I recently spoke with the CFO at a professional services company about its use of decentralized IT and security spend. “Before working with Apptio, we couldn’t make our data digestible,” said the CFO. “We use Apptio to view the size of our spend and where it sits. All our service and project managers do budgeting within Apptio. We’ve also expanded into managing our $200M/year cloud spend. We have a multi-cloud environment where everything needs to be charged down to a charge-load level—across the globe. On the finance side, we help our service managers provide services to their territories. Apptio Cloudability helps the service managers show cloud consumers the impact of consumption choices on cloud spend.”

Starting with digital investments

Digital investments demand funding for value streams, capacity management, headcount productivity, and visibility into resource gaps. Digital investment management starts in the digital or agile transformation office, and foundational TBM maturity starts with resource budgeting and forecasting.
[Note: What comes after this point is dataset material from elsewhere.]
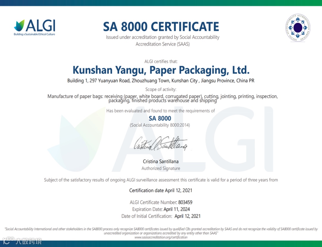 企业通过了SA 8000国际管理体系认证、ISO 9001 体系认证等国际认证。

Advanced TBM maturity focuses on portfolios and value streams which ultimately can lead to a digital TCO.

We are integrating Apptio Targetprocess and ApptioOne so you can fund a value stream rather than only fund a project. All the labor costs at the team level will automatically flow back into ApptioOne. A granular view of resources enables you to roll up to a collection of value streams. Many CIOs tell me they struggle to adapt existing project-based solutions to digital investments. A VP of performance management at a financial services company said that his team adopted Apptio Targetprocess. “We were early TBM adopters and had a concrete TCO model. But two years ago, we recognized that our portfolio system was waterfall-focused—we needed mixed modality management.”

Starting with cloud financial management

Cloud Financial Management (CFM)requires a multi-cloud dashboard, direct and indirect cloud spend roll-up, business mappings, and contract renewal visibility into SaaS commitments.
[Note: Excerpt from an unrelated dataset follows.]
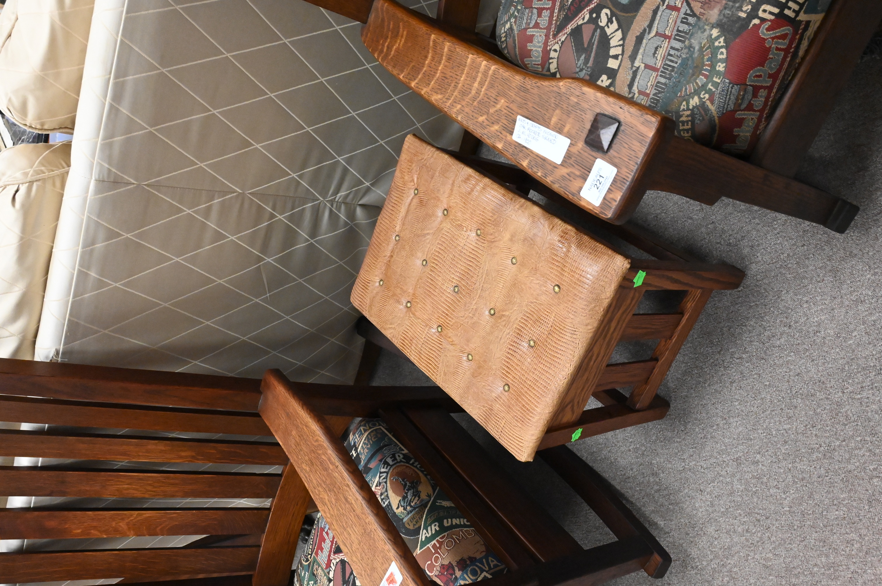Lot 221: Two Arts and Crafts Mission Rockers and a Footstool

CFM starts in a Cloud Center of Excellence (CCoE), or a FinOps practice, and foundational TBM maturity starts with IaaS and SaaS cost management. Advanced TBM maturity delivers fully burdened cloud TCO.

The majority of Apptio’s customers are moving toward the unit economic view of cloud. This includes not just what is in each cloud provider bill but also labor and third-party security spending. Apptio Cloudability customers use ML algorithms to find optimization opportunities that deliver 20% savings.

Leveraging TBM to Accelerate Cloud Adoption

A TBM Council board member recently shared with me how his Fortune 100 organization closed 50% of its data centers leveraging TBM and redirected that spend into public cloud. Their call to action was a detailed financial analysis that showed low utilization of on-premises hardware and the potential to save by migrating testing environments. Initial results were positive and, more importantly, created confidence and momentum for ongoing cloud migration. TBM validated and accelerated this company’s cloud initiatives. They retired 250K servers and cut TCO of $250M to $125M of AWS.

Fig 2 Invitational SG 5 27 - The Digital Imperative: No Looking Back - Apptio

The digital imperative is your key to success and survival

Debating what is and what isn’t digital can distract from the urgency of the digital imperative. If you modernize an old system—lift and shift a legacy solution to the cloud, apply project financial management to products—you simply get a brand-new old system. And that’s not meeting the digital imperative. Interactions with customers and employees have evolved, and the TBM discipline and the Apptio solutions have too.